Nascidos em 1994 por uma empresa japonesa chamada Denso-Wave, os QR Codes eram inicialmente utilizados para identificar peças na industria automobilística, mas a partir de 2003 começaram também a ser utilizados para aceder a todo um universo online pré-definido.

O Quick Response Code ou QR Code é um código de barras, de alta tecnologia, que por detrás da matriz quadrada, composta por campos pretos e brancos, contém códigos que são decifráveis através do seu smartphone. Para isso, o utilizador deverá fazer download de uma aplicação específica (scan-app) que descodifique o algoritmo.

A grande quantidade de dados, guardados de forma compacta, e fáceis de aceder em qualquer lugar, diversificou e multiplicou a utilização desta ferramenta, um pouco por todo o lado. Outdoors, flyers e embalagens de produtos, são algumas das formas mais utilizadas para difundir os QR Codes e toda a informação contida nestes.
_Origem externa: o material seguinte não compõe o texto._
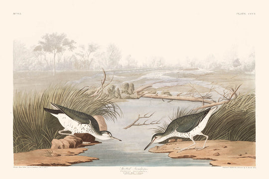 The artwork itself is a dazzling interplay of color and form. Set against a muted background that highlights the vividly decorated Sandpiper, its deep brownish-olive upper parts contrast with the intricate black markings and the white belly. This dynamic composition and attention to natural hues allow Audubon to create a lifelike portrayal, demonstrating his outstanding artistic skill and passion for the avian world, making this print an ideal piece for art aficionados and nature lovers alike.

O QR Code pode conter informações como: endereço de uma página na internet; cartão de visita online ou apenas conteúdo, pode ainda ser exposto em qualquer lugar; pode ser utilizado em vários formatos, tamanhos e cores; pode interagir com animações 3D ou jogos e com o sistema de realidade aumentada e pode ser usado como bilhete para eventos.

Contudo, convêm salientar que este tipo de ferramenta apesar de muito útil, pode esconder informações maliciosas. O utilizador deve ter sempre em conta o desconhecimento da informação a que está a aceder, por isso recomendamos precaução ao utilizá-la.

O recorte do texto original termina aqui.